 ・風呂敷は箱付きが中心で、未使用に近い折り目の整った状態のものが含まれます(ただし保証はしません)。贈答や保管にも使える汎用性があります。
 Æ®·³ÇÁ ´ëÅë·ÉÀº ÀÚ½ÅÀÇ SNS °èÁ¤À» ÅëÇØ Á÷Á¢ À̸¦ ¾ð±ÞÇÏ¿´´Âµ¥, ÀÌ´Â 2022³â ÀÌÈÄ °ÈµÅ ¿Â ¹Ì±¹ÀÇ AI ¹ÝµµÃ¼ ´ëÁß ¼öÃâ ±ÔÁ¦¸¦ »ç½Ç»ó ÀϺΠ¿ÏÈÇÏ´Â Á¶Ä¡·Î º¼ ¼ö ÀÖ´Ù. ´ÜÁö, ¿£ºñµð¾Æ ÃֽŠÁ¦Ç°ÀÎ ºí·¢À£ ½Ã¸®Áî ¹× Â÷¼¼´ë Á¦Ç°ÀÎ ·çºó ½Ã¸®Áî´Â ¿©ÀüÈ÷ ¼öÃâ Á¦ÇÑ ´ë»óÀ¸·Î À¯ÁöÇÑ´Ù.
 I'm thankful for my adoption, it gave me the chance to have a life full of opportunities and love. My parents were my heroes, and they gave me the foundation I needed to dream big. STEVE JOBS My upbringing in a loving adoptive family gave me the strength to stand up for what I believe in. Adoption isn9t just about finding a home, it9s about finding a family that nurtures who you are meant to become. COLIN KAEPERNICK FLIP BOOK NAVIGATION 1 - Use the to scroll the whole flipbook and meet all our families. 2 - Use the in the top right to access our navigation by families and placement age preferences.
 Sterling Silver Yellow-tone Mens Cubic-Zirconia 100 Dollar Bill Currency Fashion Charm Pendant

---

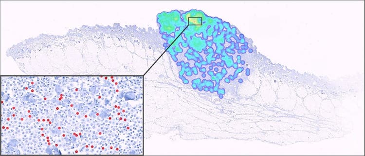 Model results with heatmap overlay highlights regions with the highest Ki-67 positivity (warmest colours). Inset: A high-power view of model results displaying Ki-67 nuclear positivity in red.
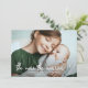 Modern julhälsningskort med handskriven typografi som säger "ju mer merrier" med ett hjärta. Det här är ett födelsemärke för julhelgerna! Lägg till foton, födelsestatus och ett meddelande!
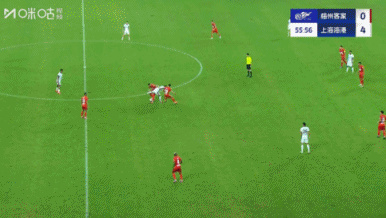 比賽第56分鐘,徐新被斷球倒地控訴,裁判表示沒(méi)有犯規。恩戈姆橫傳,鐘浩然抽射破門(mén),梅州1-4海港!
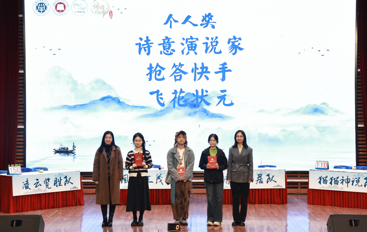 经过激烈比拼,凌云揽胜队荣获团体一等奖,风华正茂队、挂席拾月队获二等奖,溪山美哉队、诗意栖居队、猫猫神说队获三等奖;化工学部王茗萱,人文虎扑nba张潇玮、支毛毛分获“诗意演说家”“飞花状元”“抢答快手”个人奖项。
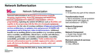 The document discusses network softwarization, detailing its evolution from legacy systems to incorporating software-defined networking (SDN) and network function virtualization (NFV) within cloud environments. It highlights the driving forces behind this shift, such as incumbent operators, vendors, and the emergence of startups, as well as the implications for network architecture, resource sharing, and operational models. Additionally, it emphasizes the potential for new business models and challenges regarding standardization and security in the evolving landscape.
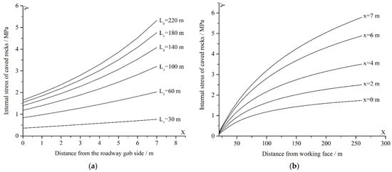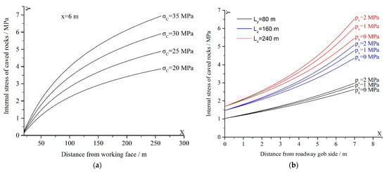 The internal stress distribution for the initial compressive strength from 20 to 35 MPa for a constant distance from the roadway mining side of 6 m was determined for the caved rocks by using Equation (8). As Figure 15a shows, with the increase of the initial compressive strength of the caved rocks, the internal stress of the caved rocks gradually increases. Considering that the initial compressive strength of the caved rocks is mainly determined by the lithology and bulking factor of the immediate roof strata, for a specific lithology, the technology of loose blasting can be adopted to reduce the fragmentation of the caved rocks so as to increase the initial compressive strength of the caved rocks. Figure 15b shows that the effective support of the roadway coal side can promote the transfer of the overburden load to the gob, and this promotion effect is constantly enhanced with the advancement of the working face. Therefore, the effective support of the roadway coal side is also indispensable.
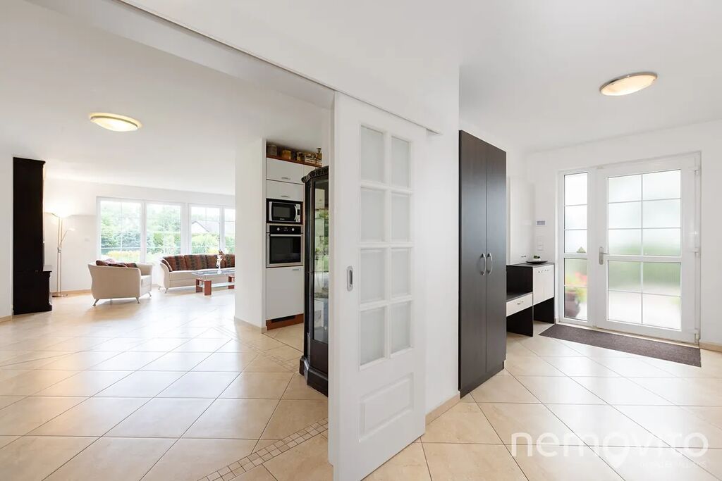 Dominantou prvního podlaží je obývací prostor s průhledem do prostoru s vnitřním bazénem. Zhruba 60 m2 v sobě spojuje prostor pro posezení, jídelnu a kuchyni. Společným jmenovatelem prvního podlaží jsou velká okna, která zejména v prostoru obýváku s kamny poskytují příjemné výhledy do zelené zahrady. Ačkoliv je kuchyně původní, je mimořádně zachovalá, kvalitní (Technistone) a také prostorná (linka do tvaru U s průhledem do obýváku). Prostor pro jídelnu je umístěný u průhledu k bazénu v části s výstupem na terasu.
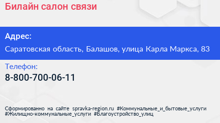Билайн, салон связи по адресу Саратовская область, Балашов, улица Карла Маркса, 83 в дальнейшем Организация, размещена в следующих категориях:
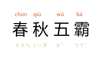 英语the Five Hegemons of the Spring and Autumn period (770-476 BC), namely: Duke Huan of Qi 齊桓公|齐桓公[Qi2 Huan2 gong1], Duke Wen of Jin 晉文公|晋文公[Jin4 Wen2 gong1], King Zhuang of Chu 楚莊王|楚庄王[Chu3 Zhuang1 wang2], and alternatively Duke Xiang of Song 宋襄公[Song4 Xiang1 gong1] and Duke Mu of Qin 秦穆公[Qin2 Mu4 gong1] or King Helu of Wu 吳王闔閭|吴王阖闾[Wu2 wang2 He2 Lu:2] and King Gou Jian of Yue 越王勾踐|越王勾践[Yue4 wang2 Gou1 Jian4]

**The task**
Extract from the material above the stretch running from the line containing "比賽第56分鐘,徐新被斷球倒" through the line containing "The internal stress distribution". Keep the text exact and the pictures out.

**Written solution**
 比賽第56分鐘,徐新被斷球倒地控訴,裁判表示沒(méi)有犯規。恩戈姆橫傳,鐘浩然抽射破門(mén),梅州1-4海港!
 经过激烈比拼,凌云揽胜队荣获团体一等奖,风华正茂队、挂席拾月队获二等奖,溪山美哉队、诗意栖居队、猫猫神说队获三等奖;化工学部王茗萱,人文虎扑nba张潇玮、支毛毛分获“诗意演说家”“飞花状元”“抢答快手”个人奖项。
 The document discusses network softwarization, detailing its evolution from legacy systems to incorporating software-defined networking (SDN) and network function virtualization (NFV) within cloud environments. It highlights the driving forces behind this shift, such as incumbent operators, vendors, and the emergence of startups, as well as the implications for network architecture, resource sharing, and operational models. Additionally, it emphasizes the potential for new business models and challenges regarding standardization and security in the evolving landscape.
 The internal stress distribution for the initial compressive strength from 20 to 35 MPa for a constant distance from the roadway mining side of 6 m was determined for the caved rocks by using Equation (8). As Figure 15a shows, with the increase of the initial compressive strength of the caved rocks, the internal stress of the caved rocks gradually increases. Considering that the initial compressive strength of the caved rocks is mainly determined by the lithology and bulking factor of the immediate roof strata, for a specific lithology, the technology of loose blasting can be adopted to reduce the fragmentation of the caved rocks so as to increase the initial compressive strength of the caved rocks. Figure 15b shows that the effective support of the roadway coal side can promote the transfer of the overburden load to the gob, and this promotion effect is constantly enhanced with the advancement of the working face. Therefore, the effective support of the roadway coal side is also indispensable.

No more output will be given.